*ACTION ITEM*
Repeat every record exactly, but omit the images.

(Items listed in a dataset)
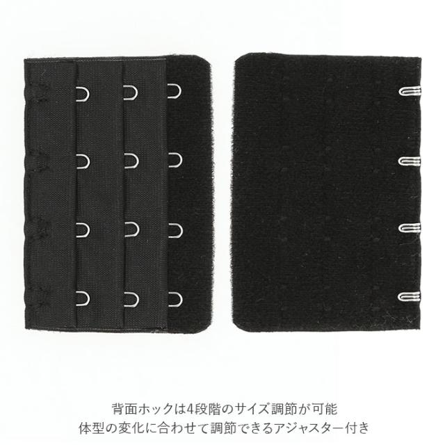 | 素材 | [カップ表生地]ナイロン、スパンデックス [カップ裏生地]コットン100% [側面の表生地]ナイロン80%、スパンデックス20% [側面の裏生地]ビスコース94%、スパンデックス6% ※[付属品]背面ホックアジャスターパーツ |
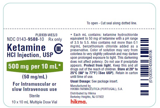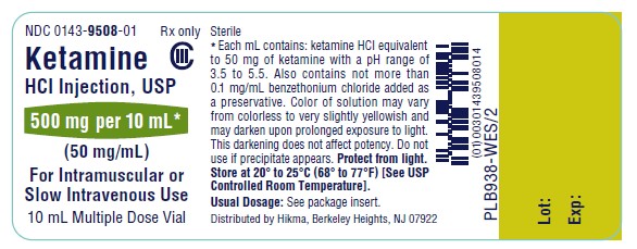 The following 6 images provide visual information about the product associated with Ketamine Hydrochloride NDC 0143-9508 by Hikma Pharmaceuticals Usa Inc., such as packaging, labeling, and the appearance of the drug itself. This resource could be helpful for medical professionals, pharmacists, and patients seeking to verify medication information and ensure they have the correct product.
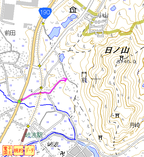 日ノ山にぶつかる寸前で、別の市道(岐波門前線)へT字路の形でぶつかり終点となった。
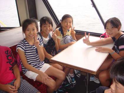 船に乗りながら,「伊勢志摩サッミット」が開かれたホテルの場所や,真珠のお話などを聞かせていただきました。
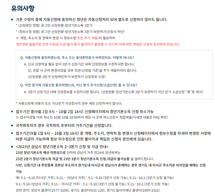 5. 청년 기본소득 신청 유의 사항
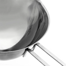 La longue poignée tient bien en main et le crochet latéral assure la stabilité du bol sur le bord de la casserole.
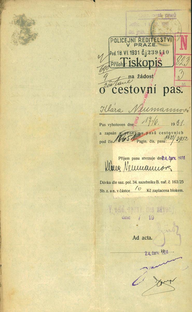 Neumannová Klara: Žádost o vydání cestovního pasu
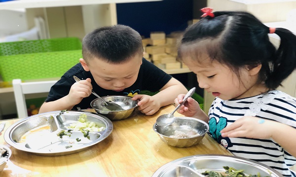 美妙的音乐缓缓响起,孩子们安静而又愉快的开始进餐啦。进餐时老师细心引导,培养孩子每一种食物都要吃,不挑食的好习惯。瞧,孩子们吃的多香呀,用餐后,宝贝们依次放好碗勺、漱口、擦嘴,然后安静的看起书来。待所有孩子都吃完了,老师带领着孩子们去户外散步。自主用餐,既快乐,又享乐!(撰稿:李清秋 审核:蒋丽君)
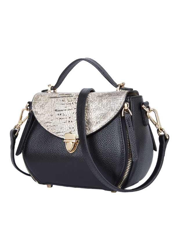 柏雅图时尚拼接斜挎包女头层牛皮锁扣单肩
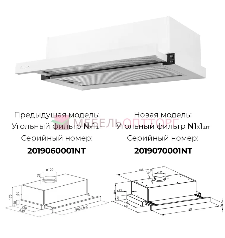 Добавить отзыв о товаре:Вытяжка кухонная встраиваемая LEX Hubble 600 White
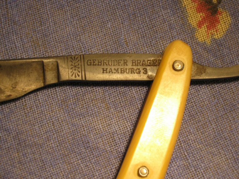 Re: GEBRUDER BRAGE(?), Hamburg 3Только что поговорили с Олег Бритва'ом насчет этой бритвы - форма интересная, и мне кажется, клинок сточен "без палева" в районе пятки. Скорее всего, бритва подвергалась кустарному ремонту, т.к. срез проходит как раз через так называемую ступеньку. Возраст "на глаз" - 30-50 годы прошлого века, более точную дату скажем при дальнейших поисках.

*TASK SOLUTION*
 | 素材 | [カップ表生地]ナイロン、スパンデックス [カップ裏生地]コットン100% [側面の表生地]ナイロン80%、スパンデックス20% [側面の裏生地]ビスコース94%、スパンデックス6% ※[付属品]背面ホックアジャスターパーツ |
 The following 6 images provide visual information about the product associated with Ketamine Hydrochloride NDC 0143-9508 by Hikma Pharmaceuticals Usa Inc., such as packaging, labeling, and the appearance of the drug itself. This resource could be helpful for medical professionals, pharmacists, and patients seeking to verify medication information and ensure they have the correct product.
 日ノ山にぶつかる寸前で、別の市道(岐波門前線)へT字路の形でぶつかり終点となった。
 船に乗りながら,「伊勢志摩サッミット」が開かれたホテルの場所や,真珠のお話などを聞かせていただきました。
 5. 청년 기본소득 신청 유의 사항
 La longue poignée tient bien en main et le crochet latéral assure la stabilité du bol sur le bord de la casserole.
 Neumannová Klara: Žádost o vydání cestovního pasu
 美妙的音乐缓缓响起,孩子们安静而又愉快的开始进餐啦。进餐时老师细心引导,培养孩子每一种食物都要吃,不挑食的好习惯。瞧,孩子们吃的多香呀,用餐后,宝贝们依次放好碗勺、漱口、擦嘴,然后安静的看起书来。待所有孩子都吃完了,老师带领着孩子们去户外散步。自主用餐,既快乐,又享乐!(撰稿:李清秋 审核:蒋丽君)
 柏雅图时尚拼接斜挎包女头层牛皮锁扣单肩
 Добавить отзыв о товаре:Вытяжка кухонная встраиваемая LEX Hubble 600 White
 Re: GEBRUDER BRAGE(?), Hamburg 3Только что поговорили с Олег Бритва'ом насчет этой бритвы - форма интересная, и мне кажется, клинок сточен "без палева" в районе пятки. Скорее всего, бритва подвергалась кустарному ремонту, т.к. срез проходит как раз через так называемую ступеньку. Возраст "на глаз" - 30-50 годы прошлого века, более точную дату скажем при дальнейших поисках.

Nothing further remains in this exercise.